Quando Benigni ha concluso la sua “omelia” ho pensato tra me: “Ma che bella “predica”: forse anche noi preti abbiamo tanto da imparare da lui circa la comunicazione della “bella notizia” del Vangelo. Assolutamente non noiosa, anche se lunga. Piena di profondità e di significato. E’ di questo che la gente ha bisogno. E ho pensato anche che dopo tanta televisione “spazzatura” solo per eventi come questi vale ancora la pena pagare il canone. Benigni ci ha fatto “fare pace” con la televisione.

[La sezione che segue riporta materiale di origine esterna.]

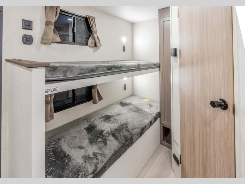 Sleeps 8 Length 27 ft 7 in Ext Width 7 ft 6 in Ext Height 9 ft 4 in Int Height 6 ft 6 in Interior Color Nomad, Mushroom Grey Hitch Weight 440 lbs GVWR 5600 lbs Dry Weight 4120 lbs Cargo Capacity 1480 lbs Fresh Water Capacity 36 gals Grey Water Capacity 26 gals Black Water Capacity 26 gals Tire Size 15" Furnace BTU 20000 btu Number Of Bunks 2 Available Beds Queen Refrigerator Type 12V Refrigerator Size 8 cu ft Cooktop Burners 2 Number of Awnings 1 Axle Weight 3680 lbs LP Tank Capacity 20 lbs Water Heater Type Tankless AC BTU 15000 btu Awning Info 14' Power Axle Count 1 Number of LP Tanks 1 Shower Type Neo-Angled Similar Floorplans

Magari fosse sempre così!
Due ore la prima sera, due ore la seconda, senza interruzioni: quattro ore di immersione totale nel testo biblico (anche con qualche riferimento all’attualità) dense e intense, fitte di commenti e rimandi ad altri testi perchè, si sa, la Bibbia è il ‘grande codice’ della letteratura occidentale. Lo show di Benigni è stato, soprattutto nel ritmo, vulcanico, come gli altri suoi precedenti. Analizzare tutte le battute che a raffica ha offerto all’intelligenza del pubblico non è impresa facile. Certamente sarà necessario ri-vedere con calma tutto. E personalmente ho anche pensato di “usare” Benigni per le catechesi parrocchiali. Tra le tante citazioni, da san Giovanni della Croce a Chesterton, da Whitman a JanTwardowski (con onestà, ha ripetuto due volte che non tutta la farina era del suo sacco) ce n’è una, di Lacan, sulla quale è il caso di soffermarsi perchè forse racchiude il senso complessivo dell’evento: “Amare è donare quello che non si ha”.
Frase davvero rivelatrice: sottolinea che Benigni ha fatto della sua meditazione sull’Esodo un inno all’amore, e così ci ha voluto condurre per mano verso il mistero, che è la vera dimensione dell’amore. In un mondo improntato al funzionalismo questa frase suona quanto mai controcorrente. Rispetto alla sempre presente tentazione di controllare l’amore, irrigidirlo e schematizzarlo, Benigni prendendo in prestito qualcosa che non ha (la frase non è sua, così come la Scrittura, dono di Dio) ce la regala allegramente ricordandoci che la dimensione vertiginosa del dono è l’unica che appaga il cuore dell’uomo. Lo si è capito nel finale, quando ha ricordato la sintesi che Gesù fa del Decalogo nei due amori, verso Dio e il prossimo: è lui il modello più alto, Gesù, che non ci ha dato ‘cose’, ma tutto se stesso, andando oltre ogni immaginazione, forse anche oltre l’immaginazione di Dio stesso. Dio in suo Figlio ci ha dato qualcuno, cioè ‘qualcosa’ che non aveva, ma che era.
Il dono è sempre esigente e pretende di essere ri-donato: questo è quello che è avvenuto, in televisione, lunedì e martedì. Un’altra frase ha impressionato i telespettatori, quando ha citato il Talmud ed è stato un inno alla donna: “State molto attenti a non far piangere una donna: poi Dio conta le sue lacrime! La donna è uscita dalla costola dell’uomo, non dai suoi piedi perchè debba essere pestata, nè dalla testa per essere superiore, ma dal fianco per essere uguale: un po’ più in basso del braccio per essere protetta e dal lato del cuore per essere amata”. Se vogliamo che la “predica” di Benigni non rimanga nel “tempio-televisione”, tocca a ciascuno di noi farne tesoro. L’amore non può aspettare. Bisogna amare e in fretta. E sarà ogni giorno Natale.